Slow looking, getting to ‘understand it’, conveys the ambition of The Budding Tree. When he quoted Clausen’s Lectures on the subject, Rex Vicat Cole felt compelled to add, ‘familiarity will not in this pursuit breed contempt, but reverence; and casual representation will be replaced in time by free handling, acquired by appreciative knowledge and self-confidence’.8 In those still moments of the exile’s reverie, a contemplative vision emerged.
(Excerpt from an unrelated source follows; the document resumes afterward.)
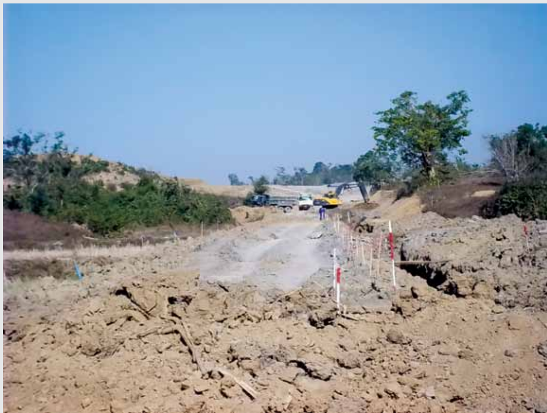
Figure 3 Daewoo clearing pipeline route for the offshore gas terminal, Arakan state. SGM, 2011.

Over 400 million people live in the catchment area of the Bay of Bengal, subsisting at or below the poverty line. These projects are threatening the livelihoods of thousands of local farmers and fishermen and destruction of the environment. Mining operations for seaport construction in late October 2009 around Madaya island killed hundreds of fish and destroyed important local fishing grounds where local people have been fishing for centuries. 218 Oil spills from tanker traffic, and oil exploration and production threaten fisheries and the largely intact ecosystem of the Arakan coast. Natural gas production and transport could result in the leakage of chemicals and potential gas blow outs which cause environmental damage. 219

The picture stood out when shown at the Royal Academy in 1914 as one of four very different submissions.9 Accompanying The Budding Tree was Clausen’s portrait of Thomas Okey (Art Workers Guild), author, friend and fellow Guild member, a second was Primavera, a studio-based nude, and the third, In the Fields in June (National Museum of Wales, Cardiff).10 Of the four, Primavera, dominated the press reports, especially when attacked by a suffragette.11 Its instant notoriety left The Budding Tree under-appreciated at the time, and although war news dominated the papers when it was re-exhibited in Birmingham in January 1915, it was nonetheless acquired by a discerning collector. On this, rather than on the vague classical allusion of Primavera, Clausen’s path was set for the works of the 1920s. In 1917 he would purchase his own labourer’s cottage on Duton Hill and construct a country studio in its garden, so that from here the patient study of light and air in the slow sequences of rebirth in nature could continue.12 The artist was no romantic pantheist, but he nevertheless addressed the ‘sentiment of nature’ which, in the great scheme of things, mirrored mankind’s rise and fall. For this he was applauded, as a ‘true impressionist’ who ‘does his best when he is entirely possessed by some real scene … and loses himself as soon as he loses contact with reality’.13

The Budding Tree leads us directly to Sunrise on the Road (1920, oil on canvas, Ulster Museum, Belfast) and the many landscapes of the inter-war period in which light is only truly perceived as it dissolves into and through the branches of a tree. The 1914 picture contained all the wisdom he had found in studying the work of Claude Lorrain.

‘The subject is not the marriage’, he declared, when describing Claude’s The Marriage of Isaac and Rebecca (National Gallery, London),

… but the beautiful peep of sunlit country seen through trees. In this picture we may mark how the dark trees accent the sky and the river, and how they have to be painted to express the lightness of the sky. Their colour is sacrificed to their tone. Claude did not wish us to look really at anything but the stretch of open country. We notice the trees, but our eye goes through to the distance … 14

The understanding expressed in the landscapes of the 1920s is thus prefigured in The Budding Tree. It was the lodestar that carried Clausen through war and pandemic, and its promise of rebirth, became an article of faith. And while recording it demanded serious scrutiny, the wonder remained and was forever.